Saturday, 28 January 2012

My exploits and Caesar's, and goodbye to Emeryville

Stations are romantic, exciting places. The sound of the trains sets the heart beating, while all around the joy of greetings for new arrivals mingles with the excited anticipation of those setting out on their journey.

Airports on the other hand are synthetic and soulless. Because San Francisco airport is my gateway back to home and Danielle it promises pleasure, but in itself it’s a miserable place. Utilitarian, pedestrian, rushed. No heart. The contrast is all the starker because I’ve spent a week in a hotel next to the Emeryville Amtrak Station, from which several times an hour I’d hear that haunting sound, iconic of the United States, of a train’s horn. Its mournfulness seems to express the sorrow that this country, which did so much to pioneer the railways, has since turned its back on them, preferring the dullness of air travel. 

How right one of my teachers was to say that  if God had intended us to travel by air, he would never have given us the railways.

While we were here, we didn’t actually use Emeryville Station because, although San Francisco itself is right opposite, the Amtrak lines run all the way along the Bay but not over it or under it. Instead we used the BART, the Bay Area Rapid Transit. We took it several times in complete innocence, not realising until I was warned just a day ago that our nearest station is regarded as a dangerous place.

There’s no way we could have known: we had nothing but pleasant experiences there, above all with a wonderful woman who was manning (womanning? personing?) the information booth.

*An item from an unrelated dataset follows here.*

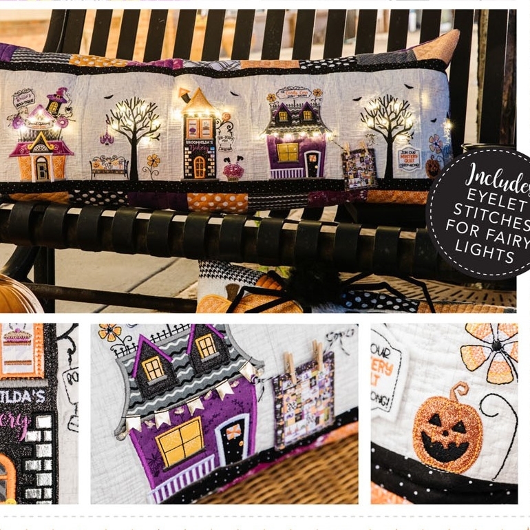 Stroll along our Twilight "Boo-levard" to visit all of your favorite “haunts!” Stop into Bella’s Boo-tique for their grand opening, then rest a spell beneath a spooky old tree. The boo-berry pie from Broomhilda’s Bakery is simply “to die for.” Enjoy a slice, then sign up for the mystery quilt at the Candy Corn Quilt Shoppe! With fairy lights, Embroidery Leather, buttons and Mylar and more, our Twilight Boo-levard Bench Pillow is so enchanting, it’s almost scary.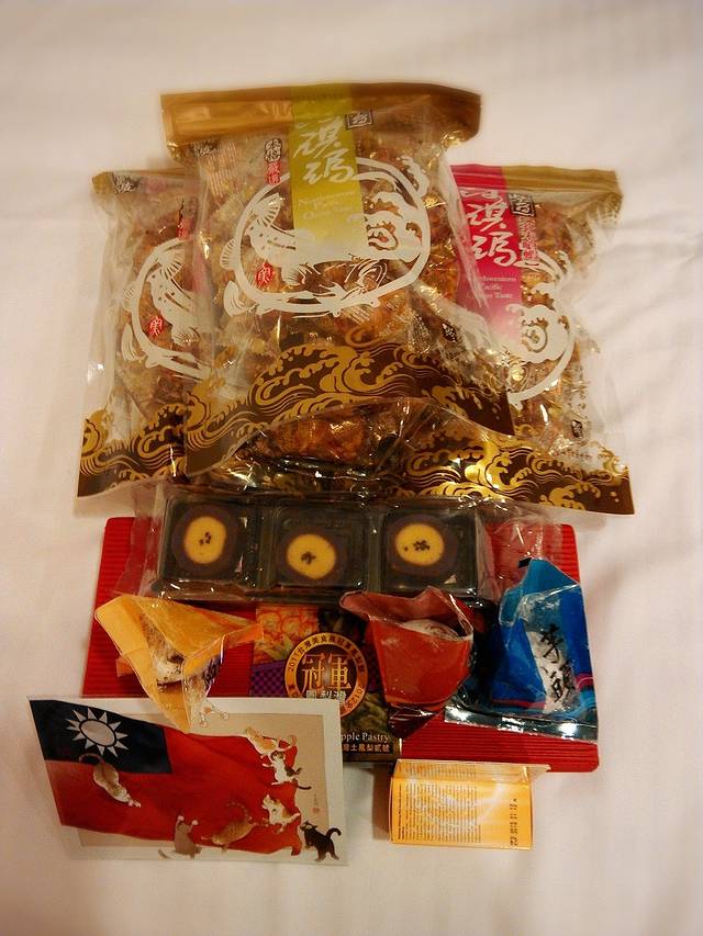 而且,在提着一大袋东西走的时候,我发现我的三日卡找不到了,不知道什么时候给弄丢的,只能到711又去买了一张充值的交通卡。又累又渴,在等车的时候我还把饼掏出来吃了一块,老婆饼味道挺赞,里边的馅料不甜不腻,吃起来不错,这让我对没试吃的凤梨酥也有了几份信心。

She came out to help us get our tickets from those appalling machines the BART provides for the purpose, and which are entirely incomprehensible until youve undergone intensive training. After that, whenever we saw her she would smile and chat to us about how we’d enjoyed the city.

Nor is that the only pleasant recollection I shall take away from Emeryville. For me, the town will from now on be forever linked with Julius Caesar. 

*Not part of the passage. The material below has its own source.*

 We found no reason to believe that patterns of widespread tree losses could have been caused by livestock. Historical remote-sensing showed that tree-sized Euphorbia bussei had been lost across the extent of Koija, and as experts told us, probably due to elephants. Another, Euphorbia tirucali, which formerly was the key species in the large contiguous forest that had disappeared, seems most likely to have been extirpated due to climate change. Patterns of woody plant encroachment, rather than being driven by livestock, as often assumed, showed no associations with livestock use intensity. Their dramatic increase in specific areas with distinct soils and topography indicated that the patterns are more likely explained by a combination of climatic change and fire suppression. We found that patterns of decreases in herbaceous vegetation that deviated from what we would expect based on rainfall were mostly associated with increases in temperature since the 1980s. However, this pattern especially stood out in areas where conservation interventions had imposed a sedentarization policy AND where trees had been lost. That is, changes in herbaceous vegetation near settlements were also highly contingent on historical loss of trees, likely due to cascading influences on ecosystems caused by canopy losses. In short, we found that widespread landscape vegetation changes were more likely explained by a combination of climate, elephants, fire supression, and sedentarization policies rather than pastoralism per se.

‘Emeryille?’ I hear you cry. ‘Rome, certainly, even Spain, North Africa, Egypt, Asia Minor, all the places to which that extraordinarily mobile conqueror travelled. Even Britain. But Emeryville?’

He never made it to Emeryville, except in (my) spirit
Ah, but Caesar’s association with this little town is my own entirely, a purely personal link. As I’ve mentioned before, I’ve been enchanted by a series of podcasts recommended to me by my son Michael: The History of Rome, put together over a long period with considerable, pretty well unremunerated effort by Mike Duncan, as apparently disinterested in the enterprise as he was interested in the subject. 

This week,while I’ve been pounding the streets of Emeryville, I’ve been listening to his episodes about Caesar. Out running every morning, I’ve heard about the great general’s own feats, to the accompaniment of the boots of his legionnaires hammering the roads, like mine, though in their case they were criss-crossing Europe and the Middle East; as I’ve  targeted my own personal goal for this week’s runs, I’ve listened to the tale of the great statesman’s drive to achieve his objective of power over a great Empire. 


Let me say that my target was was no easy one for me to hit: to complete a half marathon. Not in one session - that’s not quite in my capacity - but at least over several. This morning I made it, as the sun rose above San Francisco Bay and Caesar fell to his assassins’ daggers.


The sun rises over Emeryville Marina, perhaps to salute my (minor) triumph
My achievement, I admit, hardly rivals his, but by my scale of things, it was quite satisfying enough. And at least it didn’t leave me bleeding to death at the foot of Pompey’s statue.